Monday, 24 March 2014

LARK ASCENDING AND A DOCKSIDE BROTHEL

This canvas shows a small portion of the wall of a derelict dockside pub/brothel in Merseyside.  It is not nearly finished, but I have had to lay it aside as I can't come to terms with what to do next.



The bricks and cill are modelled in low relief - they feel and look exactly like the real thing - and the stained printed fabric has been draped as if hanging limply out of a broken upstairs window.  The window and frame need to be finished, and my intention is to seal the fabric behind varnish.

What has this to do with the historical narratives associated with this scene?  Does my faux-mortar, and my faux-grime empathise with all that this window stands for, or does it mock it?

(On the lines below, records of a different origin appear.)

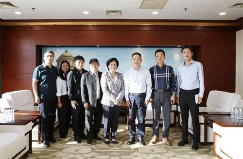 启迪控股董事长王济武(右三)与柬埔寨公主阿龙拉斯美(右四)、世界客属总商会名誉主席、欧中之声文化传媒集团副总裁周万名(左四)一行合影
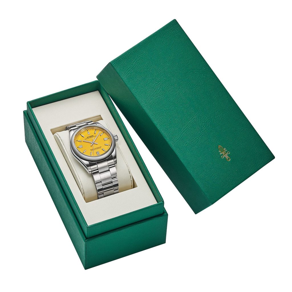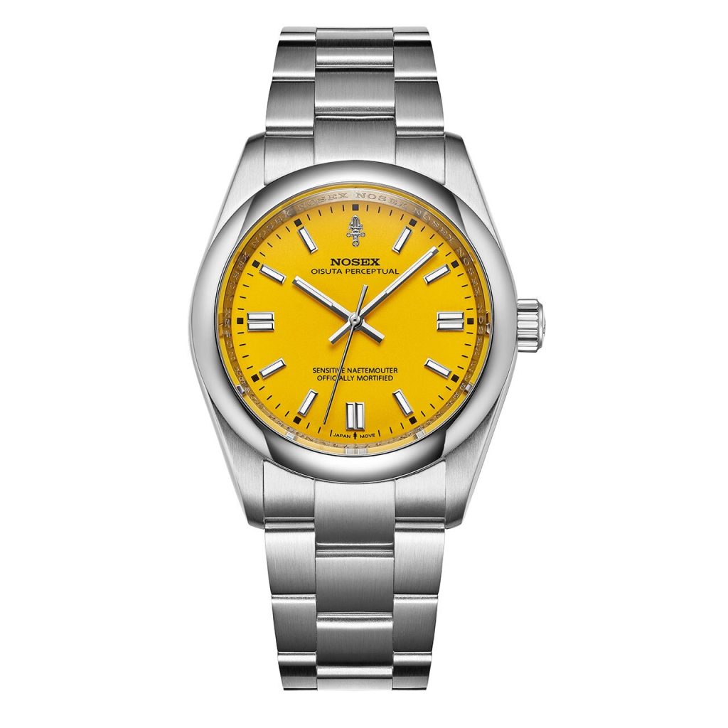 「いいエロー」という名の通り、鮮烈な黄色が印象的なダイヤルは、見る者にポジティブなエネルギーを与えます。
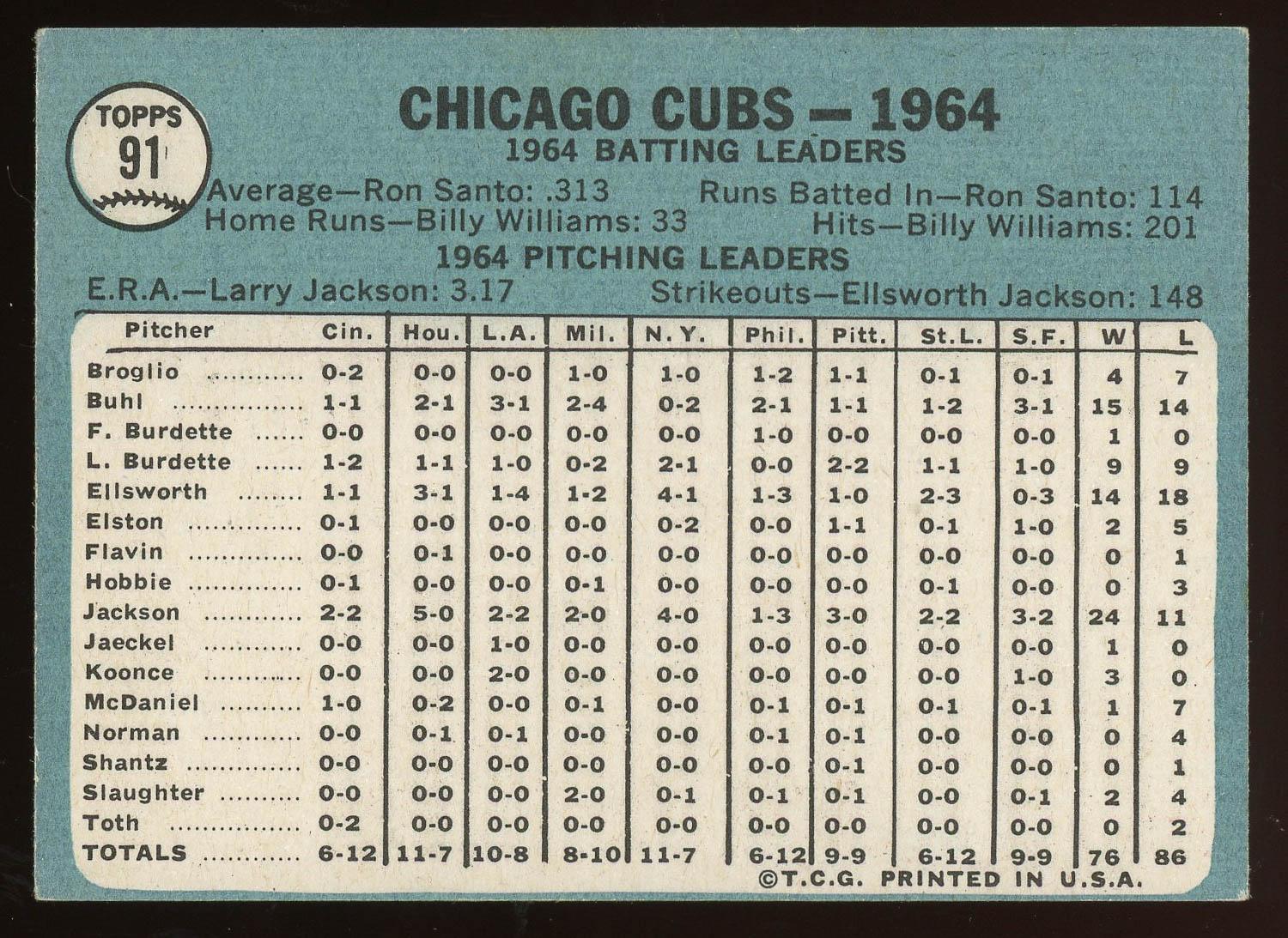 Chicago Cubs 1965 Topps Team Card #91. Please see pictures for details on the condition of this card.
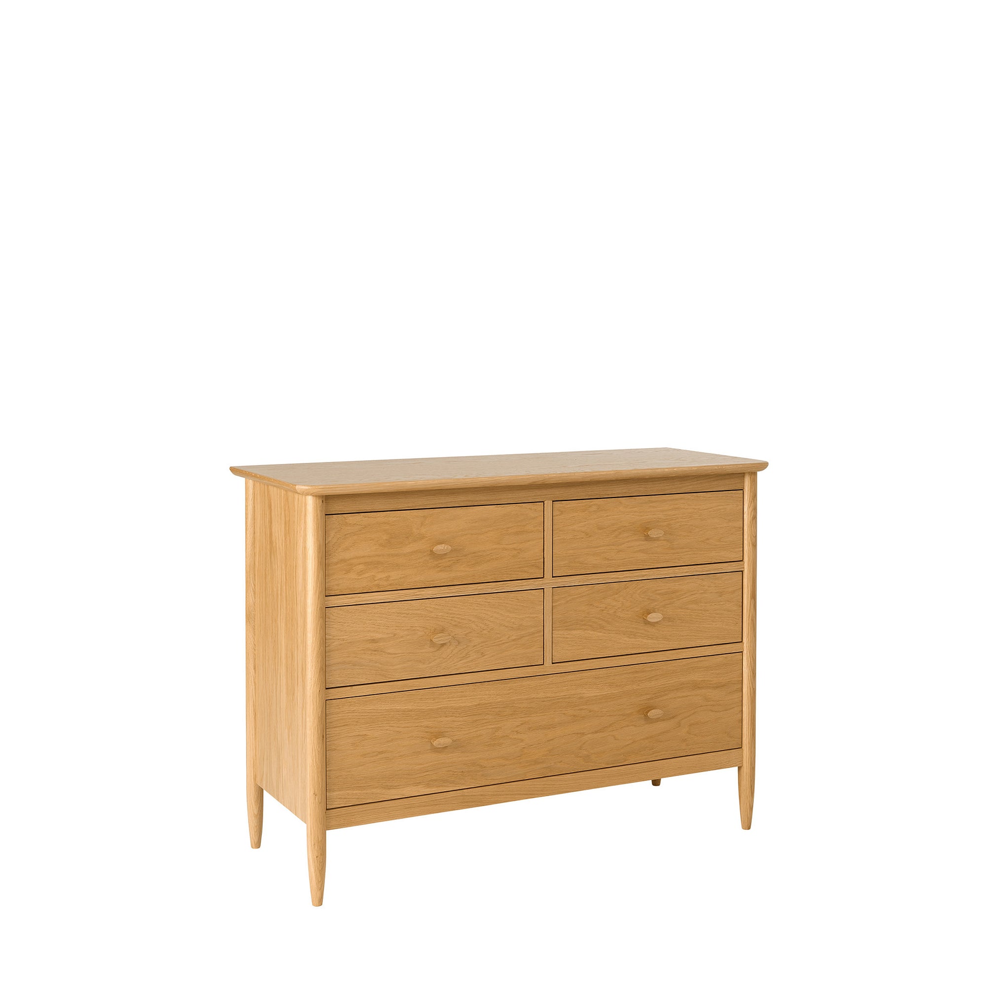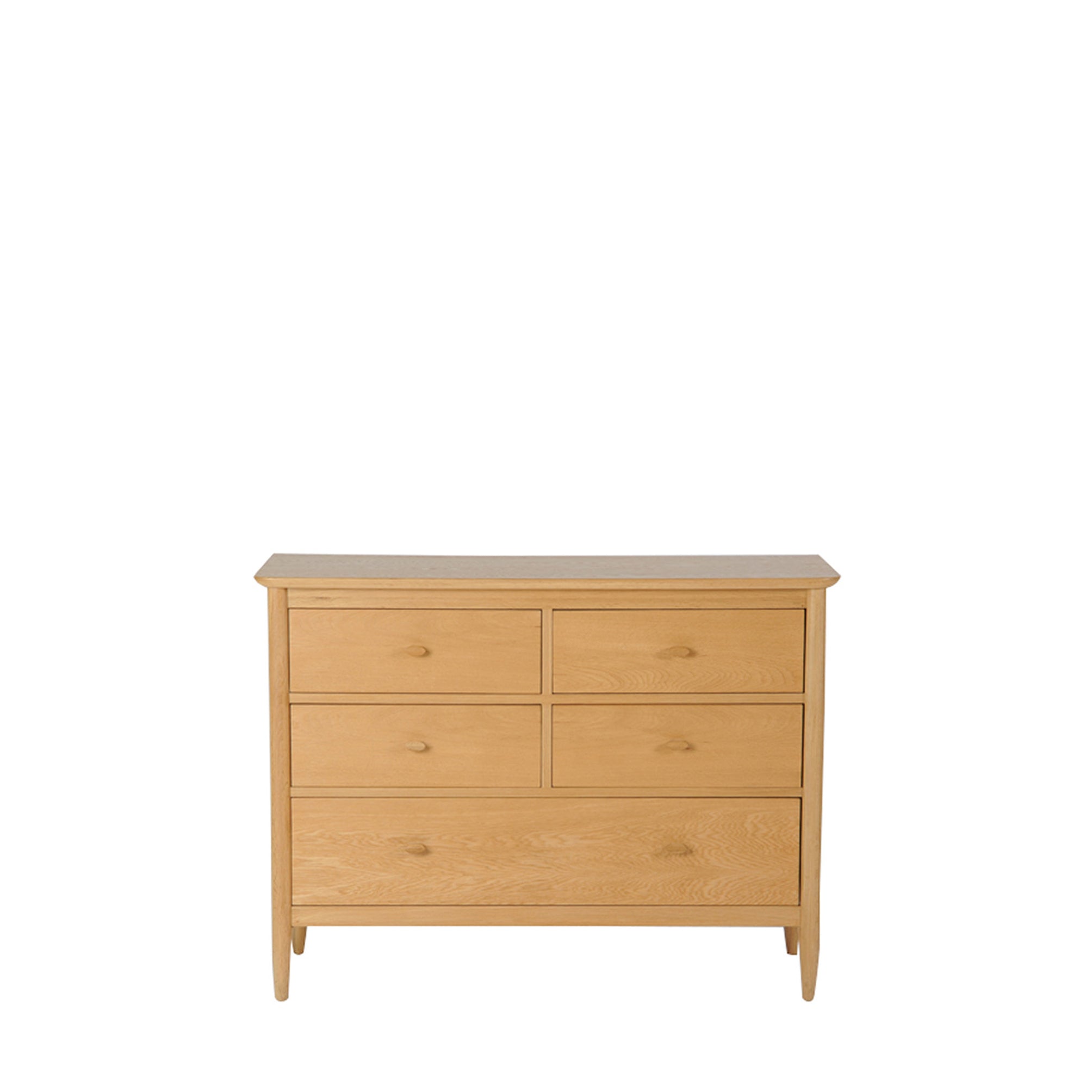The timeless shaker style design of this Teramo five drawer chest of drawers can be easily incorporated into modern or more traditional décor. This chest of drawers provides plenty of useful storage with its five deep drawers. The double chamfered edge on the traditional oval handles creates a defined and modern profile and is wonderfully tactile. Tapered turned legs and fluid curved corners on the top of the chest are characteristically Teramo and simply beautiful. This oak furniture is finished in our clear matt lacquer, providing protection whilst at the same time showing the beauty of the timber.
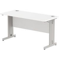 Melamine finish with a 2mm ABS durable, protective edge. 18mm modesty panel. Two cable ports to help keep a 'clean desk' environment. Features floor levellers, to level the desk on uneven floors and prevent rocking. Rather than screw directly into the wood or plastic, these desks screw in from steel to steel, which is more robust prevents damage if it needs to be dismantled and moved.
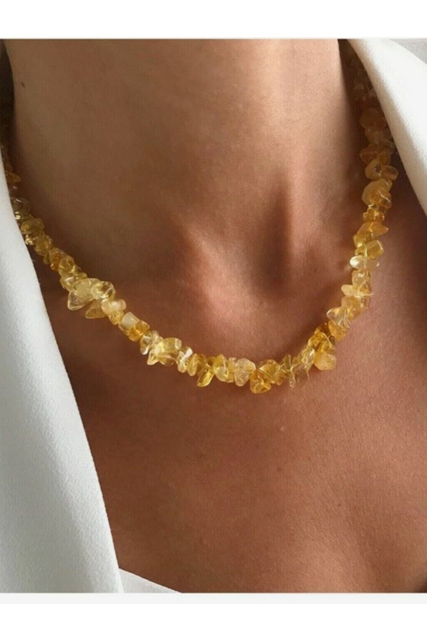 Doğal taş kullanımı, her bir kolyenin benzersiz ve otantik bir görünüm kazanmasını sağlar; Modern tasarımıyla hem kadın hem de erkekler için uygun, şık ve zamansız bir aksesuar seçeneği sunar; Sitrin taşı, kolyenin parlaklığını ve estetik değerini artırarak dikkat çekici bir stil oluşturur;
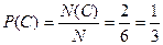 г) Интересующее нас событие С произойдет ровно в двух случаях, когда выпадет число очков 5 или 6. Значит, N(C) = 2 и
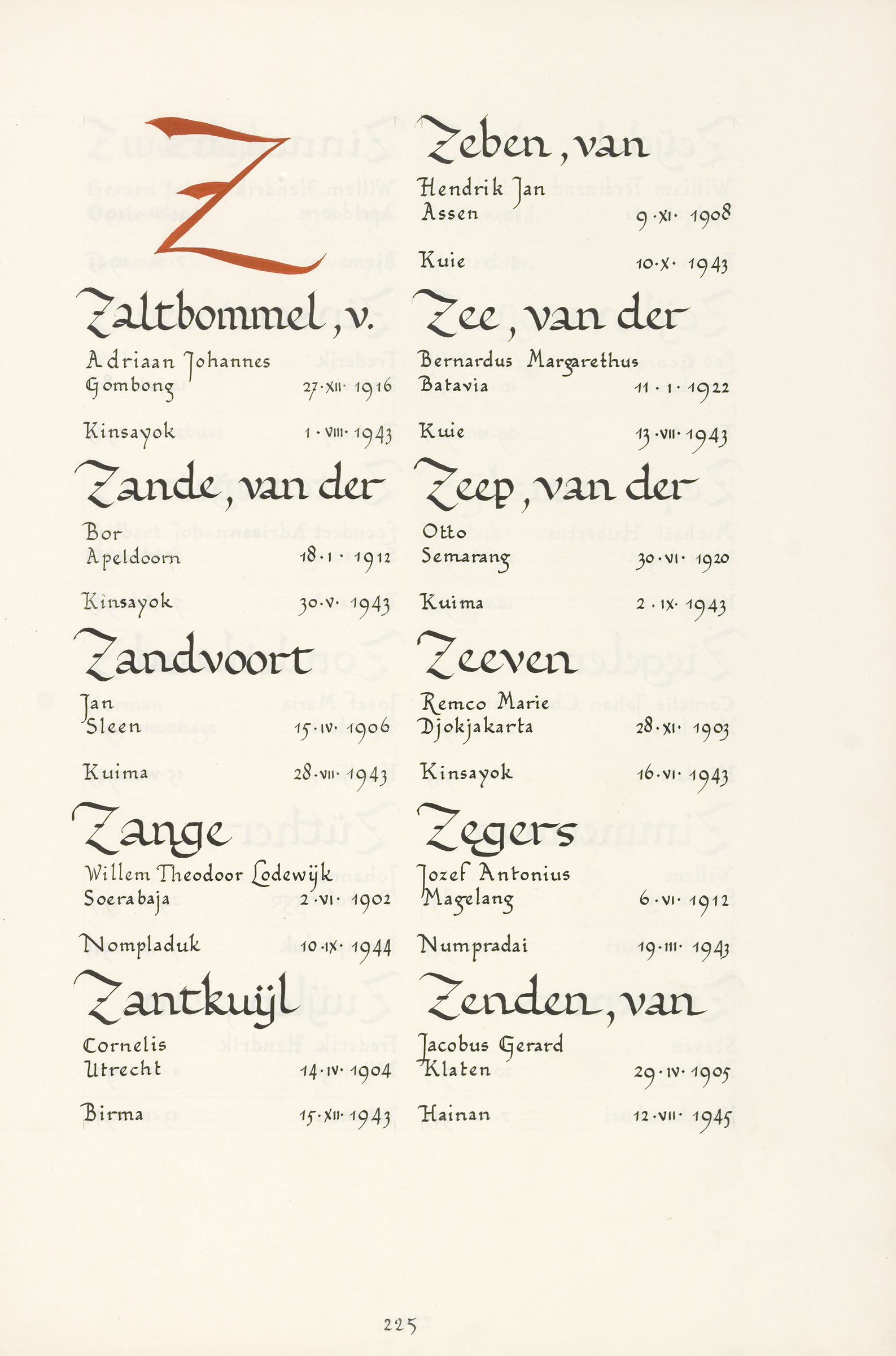 Jan Zandvoort Geboortedatum: 15-04-1906 Geboorteplaats: Sleen Datum van overlijden: 28-07-1943 Plaats van overlijden: Kwima (Thailand) Beroep: Sergeant-majoor Groep: Koninklijk Nederlands-Indisch Leger en Indisch Verzet Pagina: 225 Reactie toevoegen JavaScript moet ingeschakeld zijn om dit formulier te kunnen gebruiken. Comment Over tekstopmaak Platte tekst Geen HTML toegestaan. Regels en alinea's worden automatisch gesplitst. Web- en e-mailadressen worden automatisch naar links omgezet. Laat dit veld leeg blader download Permalink

My crisis of confidence in this work, and an important reason for laying it aside, was that on Radio 3 (which I always listen to when painting), they played Ralph Vaughan Williams' Lark Ascending which, having first been played in 1920, makes it exactly contemporary with this dockside establishment's heyday.   Initially I felt the juxtaposition of painting and music was grotesque: a seedy brothel and a pastoral romance.  However, it soon dawned on me that the two pieces empathise, for they are both unashamedly romantic.  Vaughan Williams' piece recalls a peaceful world whose permanent end was announced by the outbreak of war in 1914; mine recalls an industrial world whose most grotesque manifestations were the two industrialised world wars.  Vaughan Williams was only able to represent his pastoral scene because he was totally separated from it - in time, and socially.  It is the same for me: maybe I empathise with my Mersey scene because I am separated from it by time, and I was socially never a part of it.

Until I have sorted these things out, the painting remains unfinished.

POSTSCRIPT published 30 March:  At my recent talk at the Anise Gallery (see following post) I showed this photo.  Joe Robson suggested that a suggestion of the dark and shabby interior of the room would help to bring meaning to the picture.